To find the equation of line $l$:

1. Determine the coordinates of points $P$ and $Q$: $P\left(\frac{p}{1}, \frac{1}{p}\right), Q\left(\frac{q}{1}, \frac{1}{q}\right).$
2. The slope of line segment $PQ$: $m_{PQ} = \frac{\frac{1}{q} - \frac{1}{p}}{\frac{q}{1} - \frac{p}{1}} = \frac{p - q}{pq}.$
3. The slope of the line $l$ which is perpendicular: $m_l = -\frac{1}{m_{PQ}} = -\frac{pq}{p - q}.$
4. Using point-slope form for line $l$: $y - \frac{1}{r} = -\frac{pq}{p - q}\left(x - \frac{r}{1}\right).$
5. Rearranging gives us: $y = -\frac{pq}{p - q}x + \frac{pq}{p - q}\cdot\frac{r}{1} + \frac{1}{r}.$
   This matches the given equation for line $l$.

To find the equation of the line $m$:

1. First, determine the slope of line segment $QR$: $m_{QR} = \frac{\frac{1}{r} - \frac{1}{q}}{\frac{r}{1} - \frac{q}{1}}.$
2. The slope of line $m$ which is perpendicular to $QR$: $m_m = -\frac{1}{m_{QR}}.$
3. Using point-slope form for line $m$: $y - \frac{1}{p} = m_m\left(x - \frac{p}{1}\right).$
4. Rearranging gives us the specific equation for line $m$.
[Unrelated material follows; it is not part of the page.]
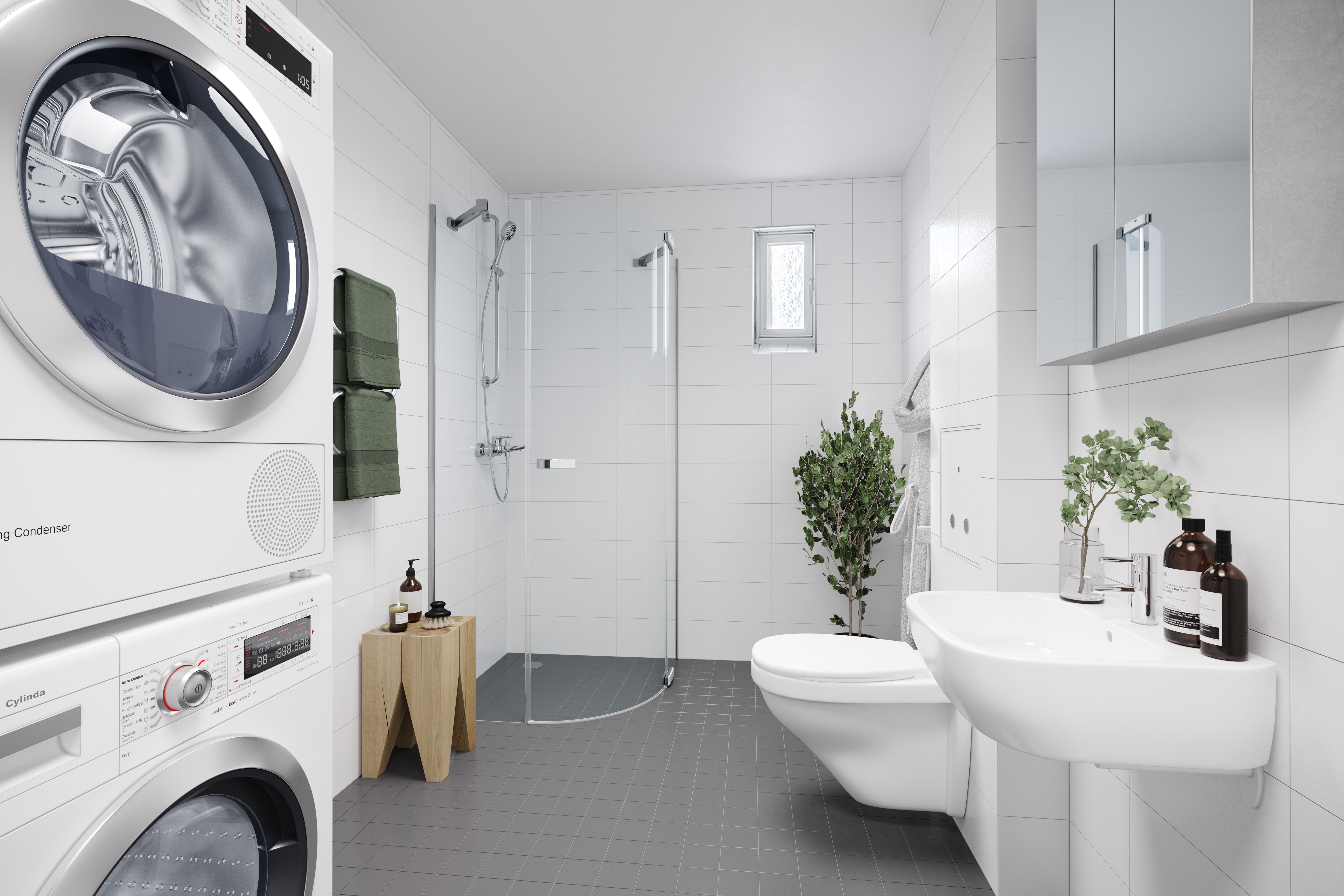 Lägenheten har en annorlunda men välplanerad planlösning. Badrummet går i stilrena kulörer vitt och grått som också är utrustat med tvättmaskin, torktumlare och dusch med glasdörrar som kan vikas inåt och ge bättre utrymme när duschen ej används. Köket är smakfullt inrett med vita luckor, modern bänkskiva, rostfria energisnåla vitvaror. God förvaring och bra med arbetsytor.

Let the coordinates of $T$ be $(x_T, y_T)$ where $l$ and $m$ intersect. To show that $T$ lies on the hyperbola:

1. Substitute the expressions for $y_T$ obtained from $l(x_T)$ and $m(x_T)$ into the hyperbola equation: $x_Ty_T = 1.$
2. Verify that substituting these values satisfies the hyperbola's equation, confirming that point $T$ lies on $xy=1$.
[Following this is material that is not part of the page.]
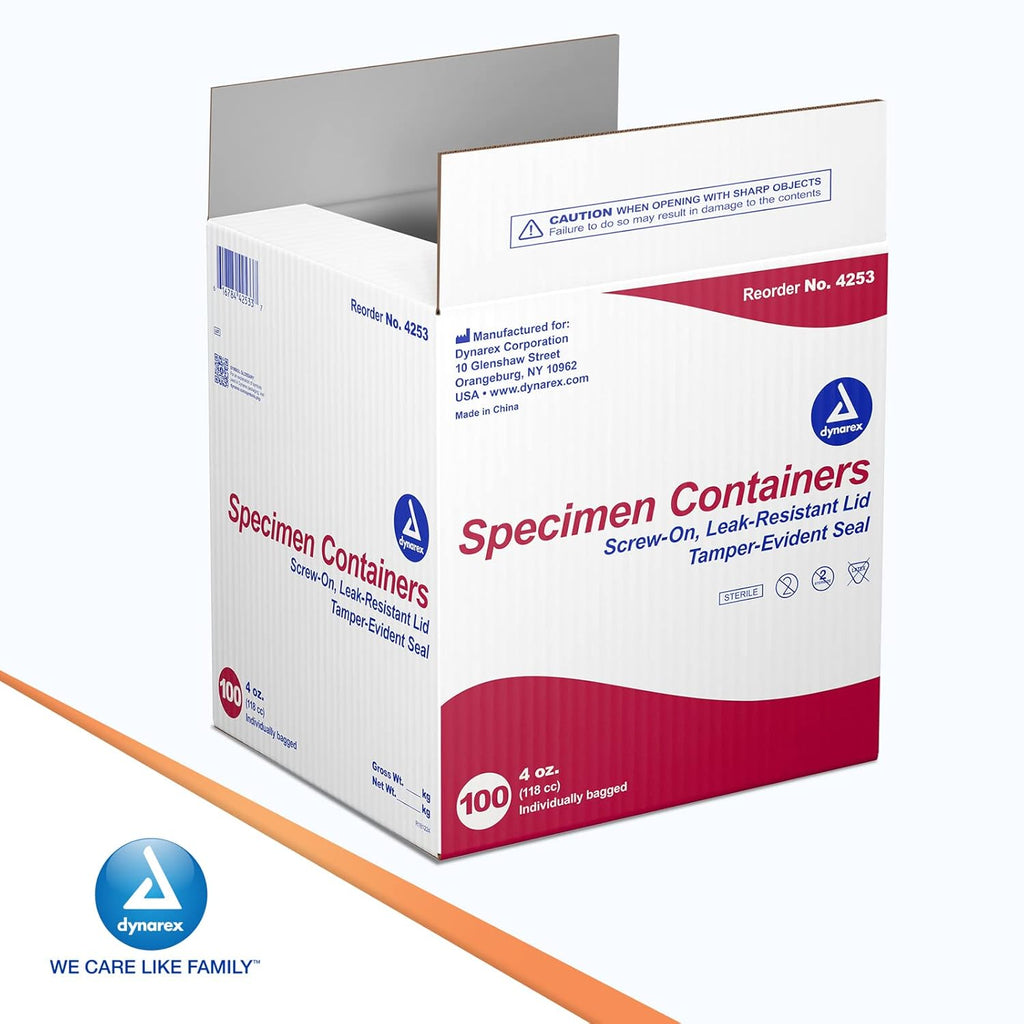 Los contenedores de muestras de 4 oz (caja de 100) de Dynarex ayudan a proteger sus muestras para realizar pruebas precisas.

To prove $KMLB$ is a parallelogram:

1. Show that $KL || MB$ and $KM || LB$:
   • $K$ and $L$ are midpoints, thus, segments $KL$ and $MB$ are equal and parallel.
   • Similarly, segments $KM$ and $LB$ are equal and parallel.
2. By the definition of a parallelogram two pairs of opposite sides being equal leads to the conclusion that $KMLB$ is a parallelogram.
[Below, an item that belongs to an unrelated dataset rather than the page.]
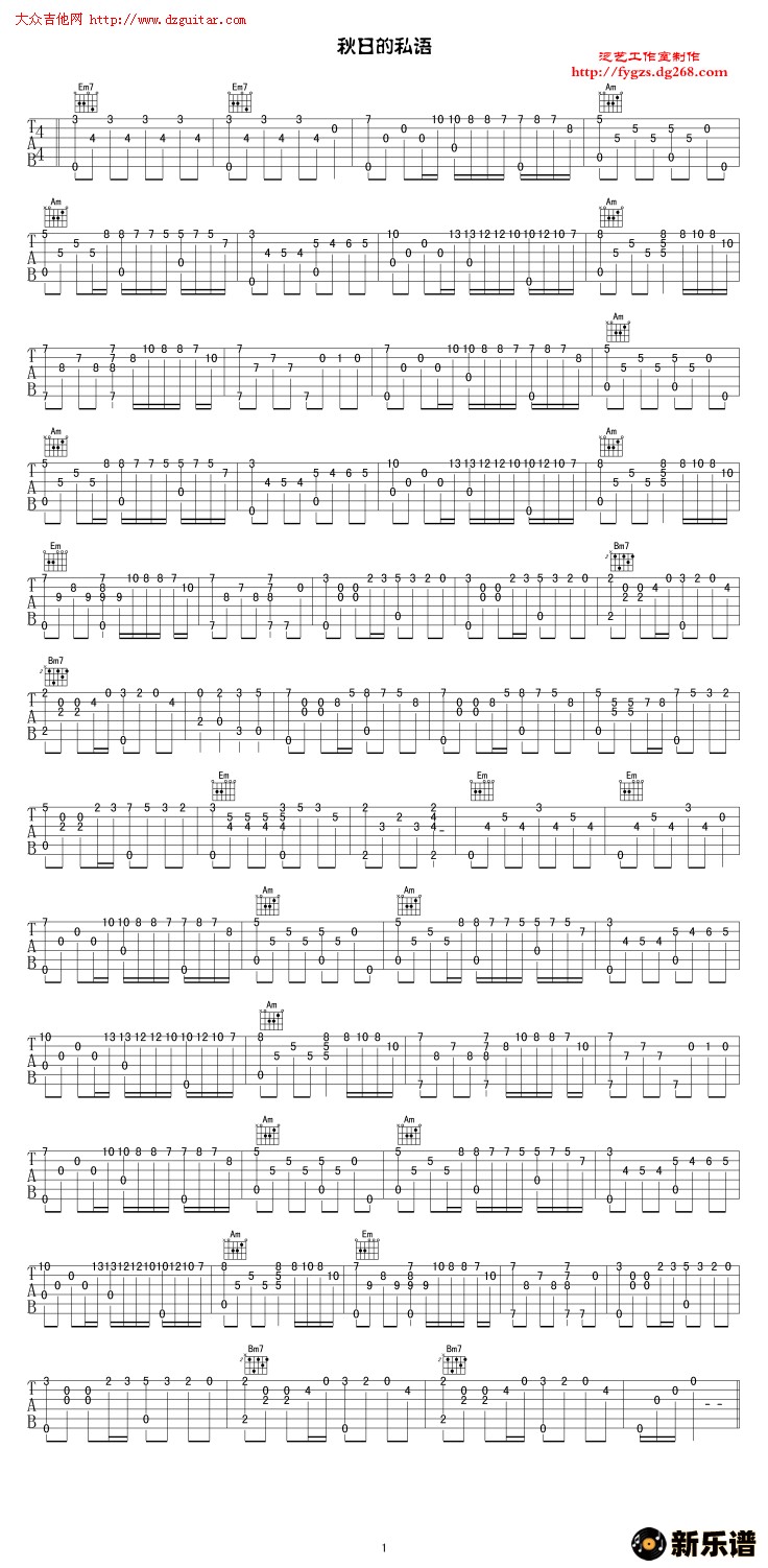 演唱的秋日私语歌词,秋日私语吉他谱.

To prove that $\angle KPB = \angle KML$:

1. Use properties of triangles and parallel lines:
   • Since $KMLB$ is a parallelogram, opposite angles are equal.
   • Thus, $\angle KPB$ (formed by segments $KP$, $PB$) is equal to $\angle KML$ (formed by segments $KM$, $ML$). This follows from alternate interior angles created by transversal line $KL$, concluding the proof.

To show $AP \perp BC$:

1. Use the properties of cyclic quadrilaterals and the angles subtended by the same chord:
   • Angles $\angle APB$ and $\angle ACB$ must be supplementary since points $A$, $P$, $B$, and $C$ lie on a circle.
   • Therefore, angle sums lead to $AP \perp BC$ from angle properties concerning intersecting chords.